What does this research mean for the field?

Cigarette smoke drives pulmonary vascular remodeling by inducing isolevuglandin formation in smooth muscle cells, which inhibits mitochondrial Sirtuin-3 and promotes persistent HIF-1α signaling. Novelty: ClaimNovelty.INCREMENTAL. Consensus alignment: ConsensusAlignment.NEUTRAL.

What question did this study set out to answer?

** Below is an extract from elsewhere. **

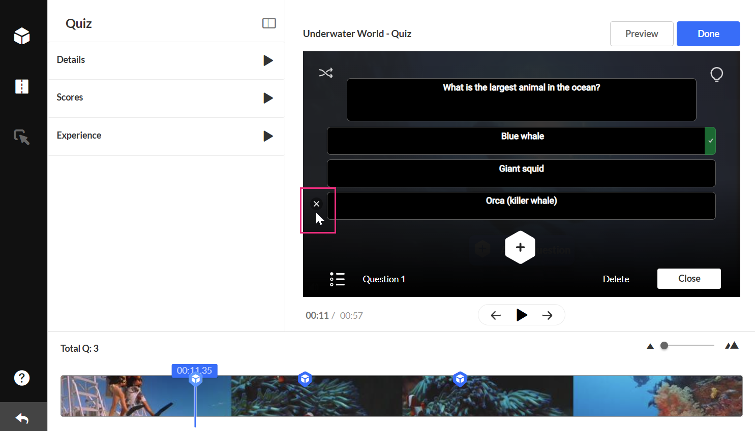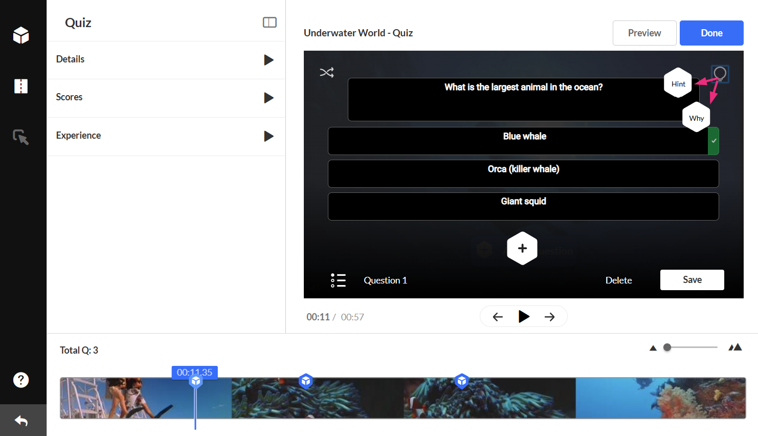 Hover over a question icon to preview it, or click to edit. Drag the icon to change its position on the timeline.

This research aims to investigate the role of cigarette smoke in smooth muscle cell activation and its contribution to pulmonary vascular remodeling.

May 20, 2026

D109-10 Cigarette Smoke Directly Activates Smooth Muscle Cells to Cause Pulmonary Vascular Remodeling

Key Points

This research aims to investigate the role of cigarette smoke in smooth muscle cell activation and its contribution to pulmonary vascular remodeling.
Mice were exposed to chronic cigarette smoke twice daily for 2 months.
Histological evaluation and western blot techniques were used to assess lung tissue and marker expressions.
Mice models included wild type, SMC-specific Sirt3 overexpressing, and SMC-specific HIF-1α knockout.
Cigarette smoke exposure resulted in increased thickness of intrapulmonary vessel walls and mild emphysema in wild type mice.
Isolevuglandin formation and stabilization of HIF-1α were significantly increased in lung lysates post-cigarette smoke exposure.
Both SMC-HIF1a-/- and SMC-Sirt3OX mice exhibited reduced vascular remodeling and emphysema in response to cigarette smoke.

Abstract

Abstract Rationale Pulmonary vascular (PV) remodeling can occur in mild COPD and smokers with normal lung function. Prior studies indicate that effector cells for cigarette smoke (CS)-induced PV remodeling originate from smooth muscle cells (SMCs). We hypothesized that CS inhibits the mitochondrial deacetylase Sirtuin-3 (Sirt3) in SMCs and Sirt3 inhibition in SMCs increases hypoxia-inducible factor 1-alpha (HIF-1α) activation, thereby driving PV remodeling. Methods Wild type (WT), SMC-specific Sirt3 overexpressing (SMC-Sirt3OX), and SMC-specific HIF-1α knockout (SMC-HIF1a-/-) mice (C57BL/6J background) were exposed to chronic CS (two times per day with 12 cigarettes each treatment) using a SIU24 CS machine (Promech, Vintrie, Sweden). Lungs were collected for histological evaluation and isolevuglandin formation, Sirt3 expression, superoxide dismutase 2 (SOD2) acetylation, and HIF-1α expression measurements by western blot. Formalin-fixed paraffin-embedded lung sections were stained with Elastica-van Gieson. No differences were observed between control groups for all measurement performed; therefore, these mice were combined for comparisons with CS exposed groups. Results We identified abnormal muscularization of intrapulmonary vessels and PV remodeling with increased t.intima and t.media thickness after 2 months of CS exposure in WT mice, along with mild emphysema (MLI 25.5±1.7µm in CS exposed mice compared to 22.1±1.0µm in unexposed mice). In addition, CS exposure increased isolevuglandin formation, SOD2 acetylation, and HIF-1α stabilization in lung lysates. While isolevuglandin-containing proteins were minimally detected in control lungs, robust immunostaining for isolevuglandin-adducted proteins was detected following 2 months of CS exposure, particularly in SMCs and endothelial cells. Both SMC-HIF1a-/- and SMC-Sirt3OX, mice showed reduced t.media and t.intima thickening in response to CS and emphysema was also reduced in SMC-HIF1a-/- mice. Conclusions CS induces formation of isolevuglandins in SMCs, which inhibit mitochondrial Sirtuin-3 and SOD2, resulting in oxidative stress and persistent HIF-1α signaling, thereby driving PV remodeling. This abstract is funded by: Supported by the 5I01BX002378 from the Department of Veterans Affairs and 23CDA1042910 https://doi.org/10.58275/AHA.23CDA1042910.pc.gr.168009 from American Heart Association.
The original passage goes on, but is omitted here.